Atherosclerosis as a disease entity remains an intensely researched field, given the tendency for considerable morbidity and mortality. This attention has given rise to exciting opportunities in developing tools aimed at early detection and possible targeting of specific therapeutic interventions. One such modality is optical coherence tomography (OCT) that permits high-resolution visualization of backscattered light. This has given unique insights into disease processes and with greater detail than traditional grey scale intravascular ultrasound (IVUS). We present a 69-year-old man with 1 week crescendo angina 9 months following stent implantation to the left anterior descending (LAD) artery. Angiography demonstrated a new lesion in the mid LAD and diagonal branches. Assessment of the region with OCT revealed a high lipid content plaque with a thin fibrous cap (maximal thickness = 20 µm). In association, rupture of the thin cap was apparent, occurring at both shoulders of the plaque with associated mural thrombus. The patient was treated with further stent implantation and remains symptom-free at 3 months follow-up.
The predilection for plaque to rupture at the shoulder region is interesting. Pathological studies have shown that this region demonstrates intense inflammatory cell infiltrate, particularly with macrophage cells and lymphocytes. When activated, macrophages release matrix metalloproteinases in the vessel wall, which, in turn, can induce ‘weak spots’ that become susceptible to rupture. Other factors also implicated in this increased vulnerability at the plaque shoulder include neovascularization with expression of adhesion molecules and increased biomechanical stresses occurring around cellular microcalcifications within the thin cap.
Several imaging modalities have been used to assess and identify vulnerable plaque (VP) including coronary angioscopy, IVUS, and magnetic resonance imaging. Recently, there has been significant interest in the field of VP detection using OCT. This modality permits high-resolution imaging (10–20 µm), in the vicinity of 10 times greater than IVUS and has become a key tool to detect and quantify thin cap fibroatheroma and macrophage distribution. This individual clinical observation supports the evidence gained from post-mortem observations pointing to the plaque ‘shoulder’ as a site of vulnerability for rupture.
Panel A. Angiography in the right cranial view demonstrated stenosis in the mid left anterior descending artery involving both small diagonal branches. The previously proximally implanted left anterior descending artery stent was widely patent. The region corresponding to the optical coherence tomography images is shown with the black arrow.

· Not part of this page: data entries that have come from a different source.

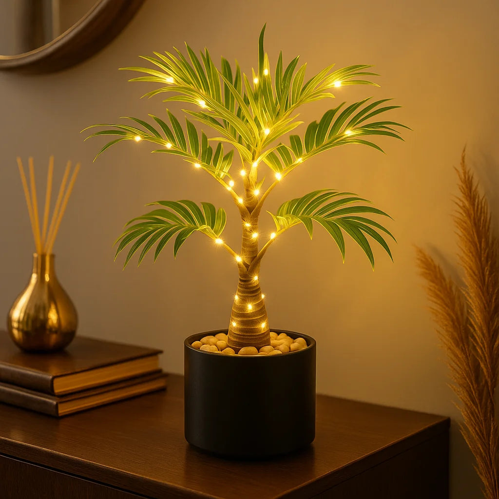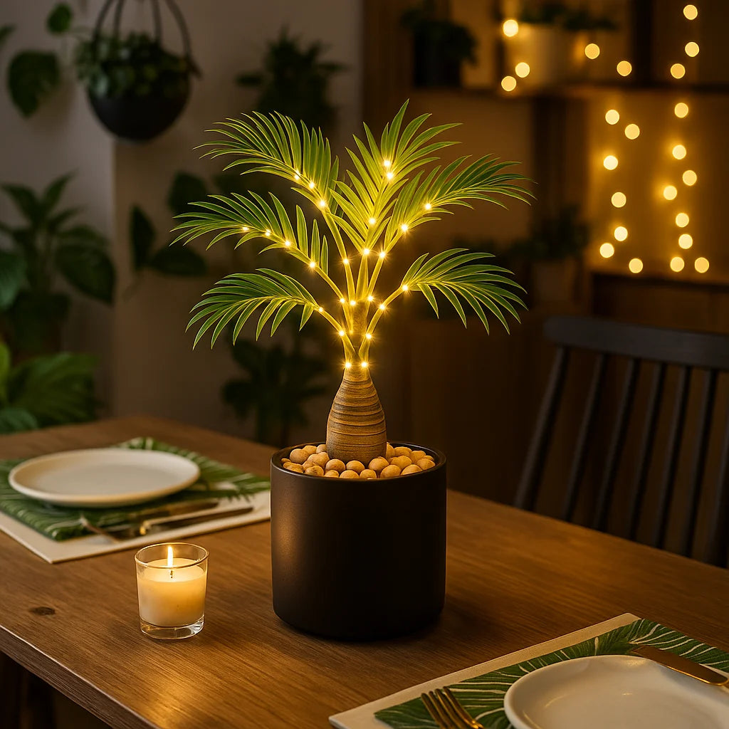 Die eleganten Palmenblätter mit dezenter LED-Beleuchtung erzeugen ein warmes Licht und eine entspannende Inselatmosphäre.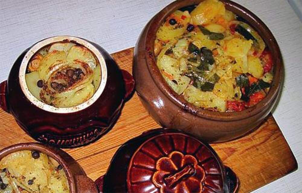 Мясо (свинина, телятина) слегка обжариваете и выкладываете на дно горшочка. Сверху — слой маринованного лука (на литр кипятка 2 столовые ложки соли с горкой и одна сахарного... Далее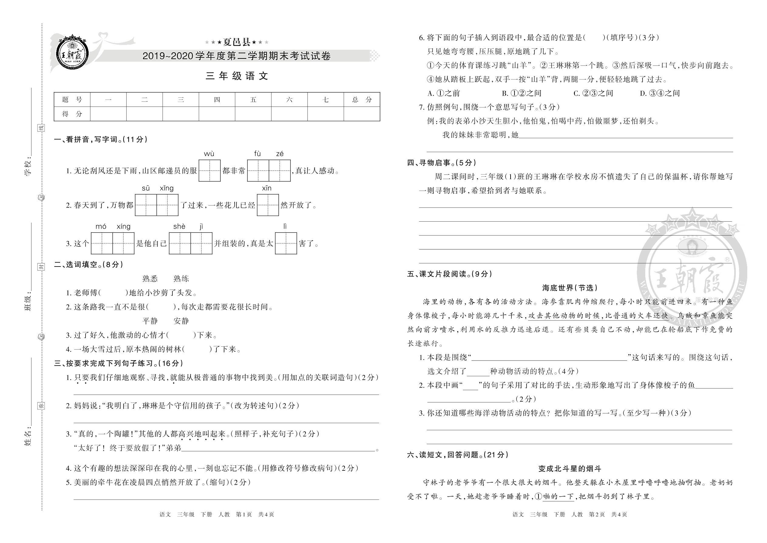 夏邑县2019-2020学年度第二学期期末考试试卷三年级语文(人教版)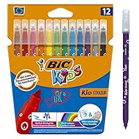 BIC Kids Kid Couleur Feutres de Coloriage à Pointe Moyenne - Couleurs Assorties, Etui Carton de 12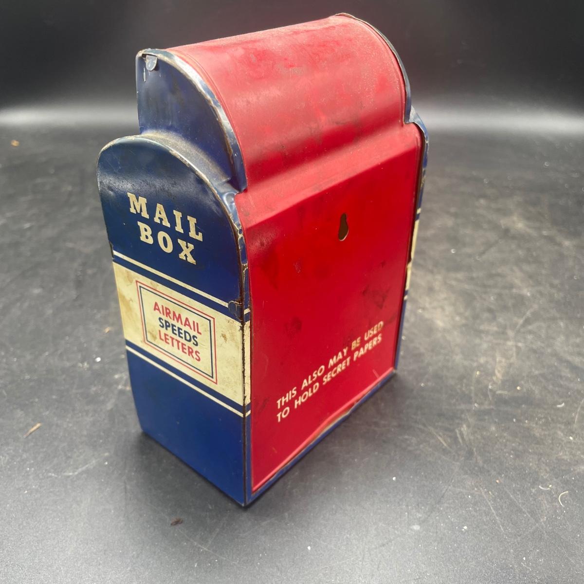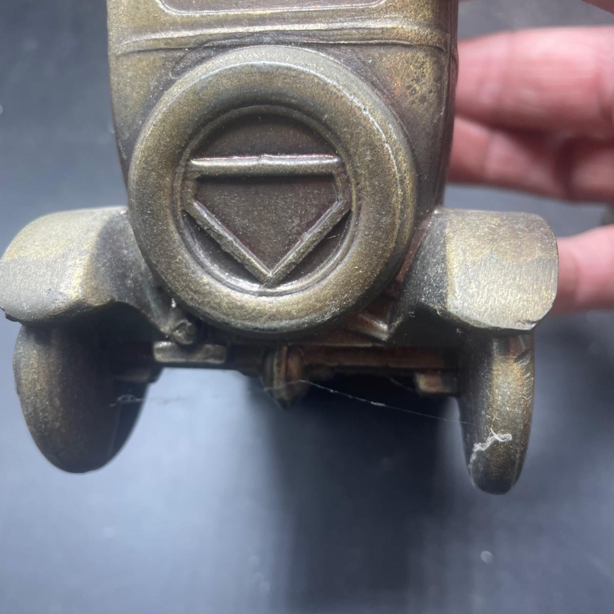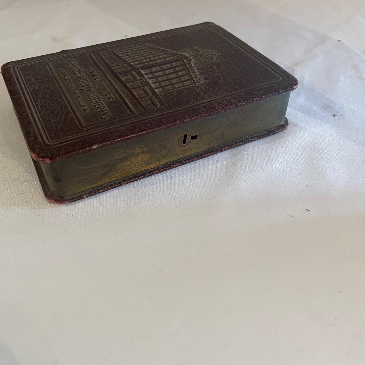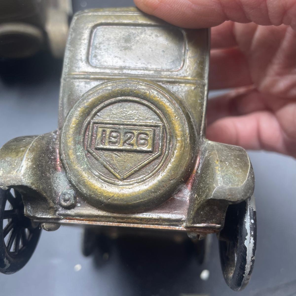 This wonderful collection of money banks includes a pair of brass cars, a metal pig and lion, a tin mail box, an Automatic Recording Safe shaped like a book and a glass bottle painted as a clown that measures 2.5” x 3” x 7”.
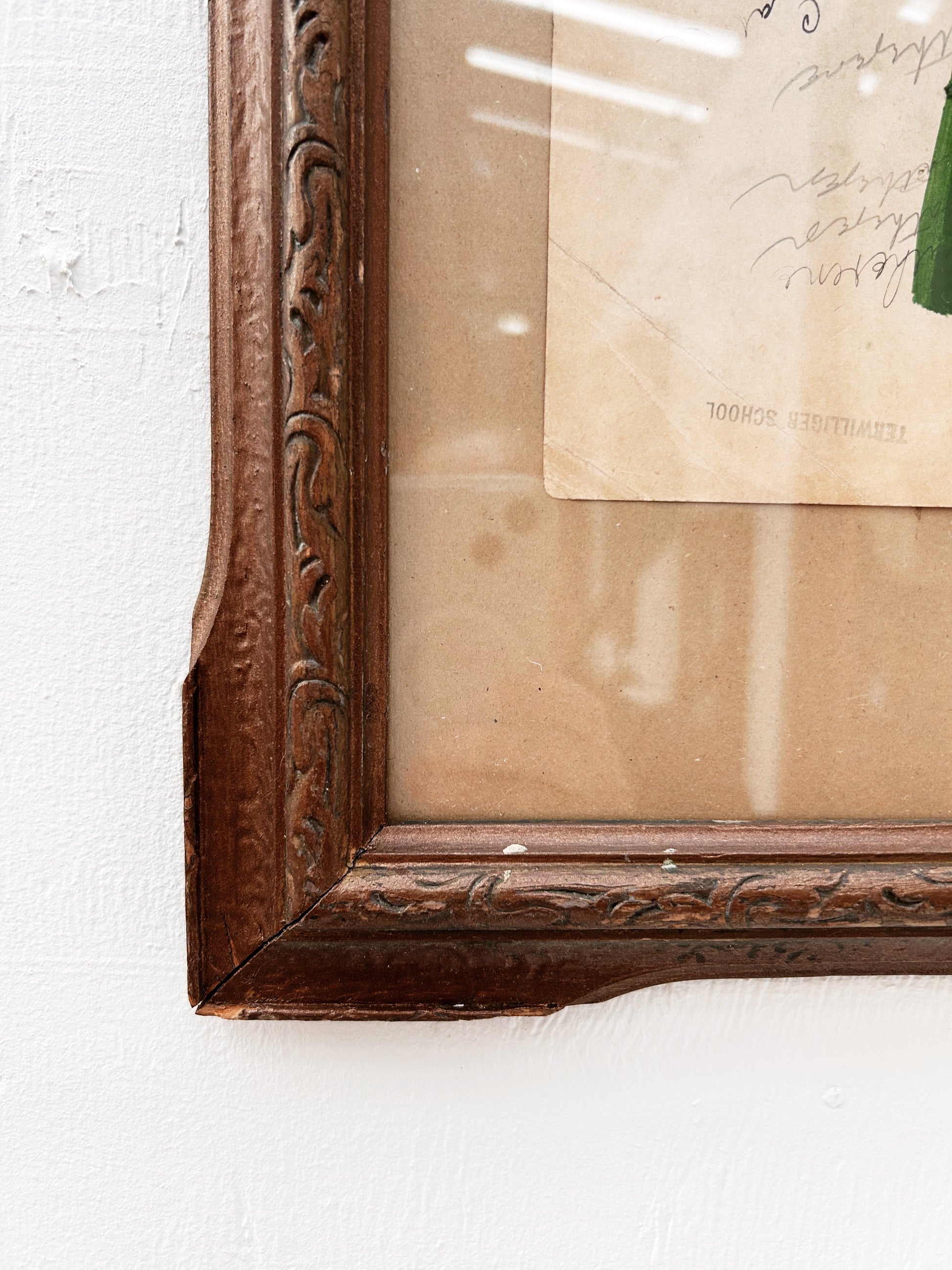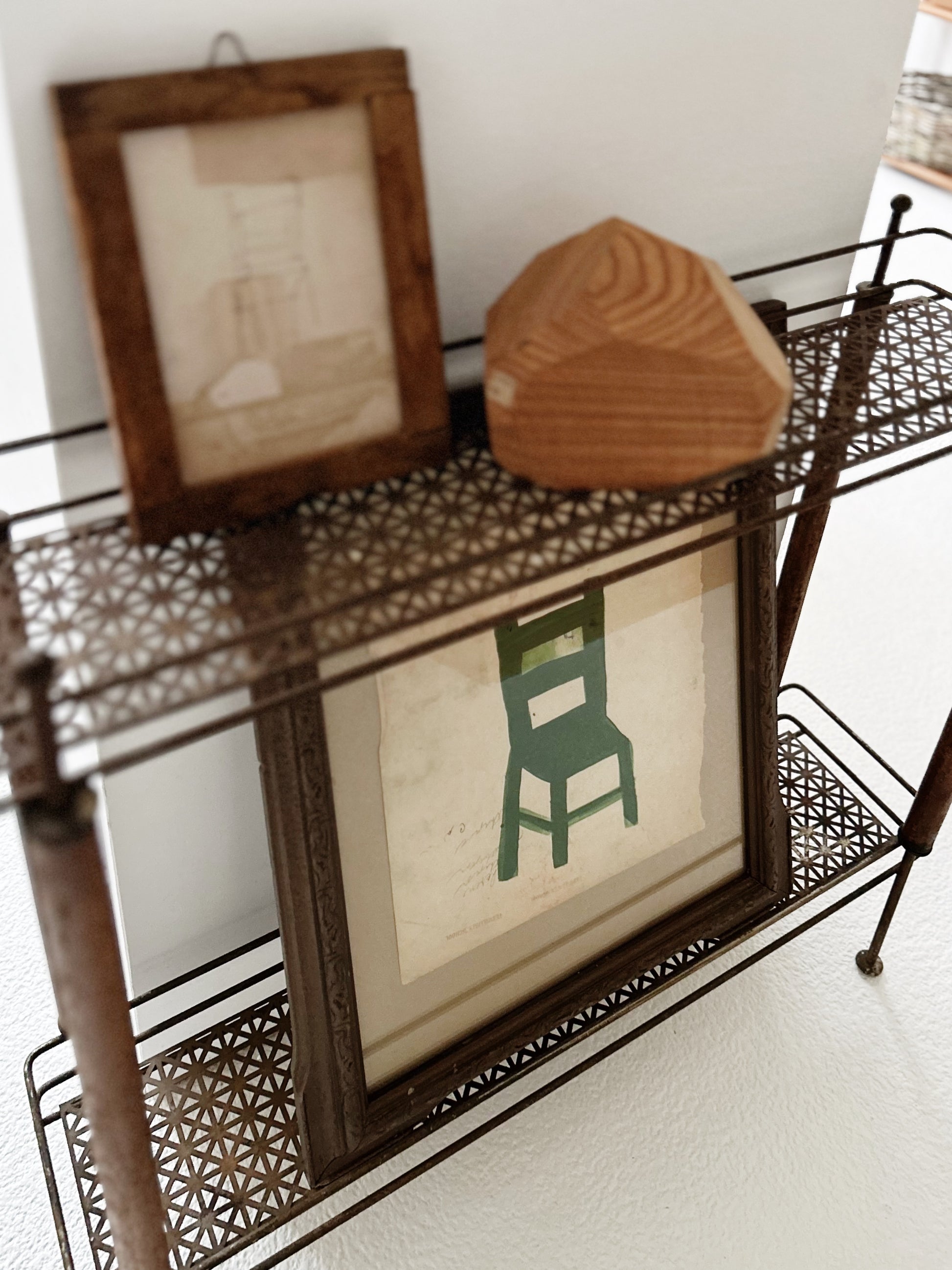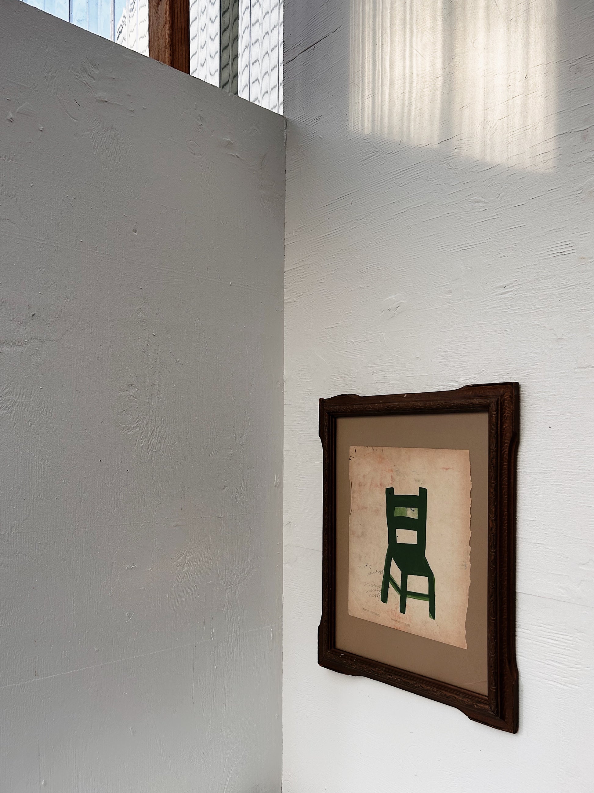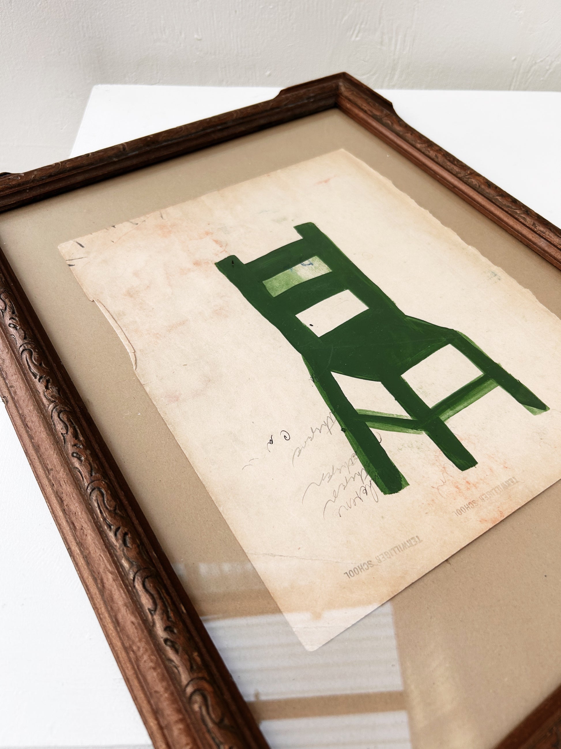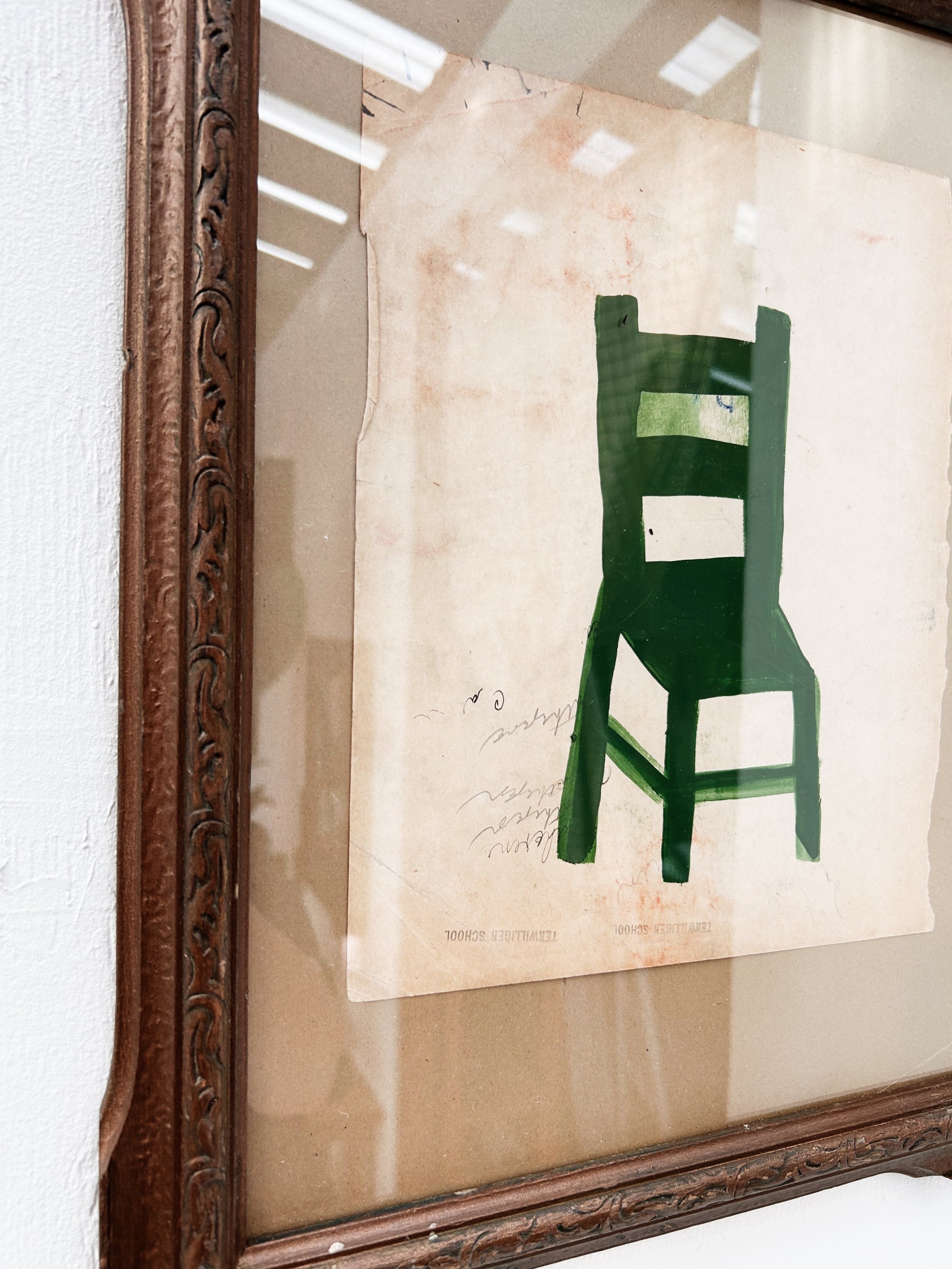 This is an original and part of a collection of chairs done in various mediums. This, paint and old paper. Framed under glass in antique wood frame

Panels B–C. Intravascular optical coherence tomography (LightLab Imaging, Westford, MA, USA) was acquired using a non-occlusive technique with a 3.0 mm/s pullback. Optical coherence tomography clearly demonstrated the presence of a lipid-rich plaque in the 6–9'o clock position characterized by low reflectivity, speckled appearance with diffuse margins. This was covered with a bright rim of fibrous tissue corresponding to thin-cap fibroatheroma. Mural thrombus was evident in all optical coherence tomography cross sections. The thin-cap fibroatheroma measured was 20 µm thick, and was found to be ruptured at each of the two shoulders of the plaque (arrows).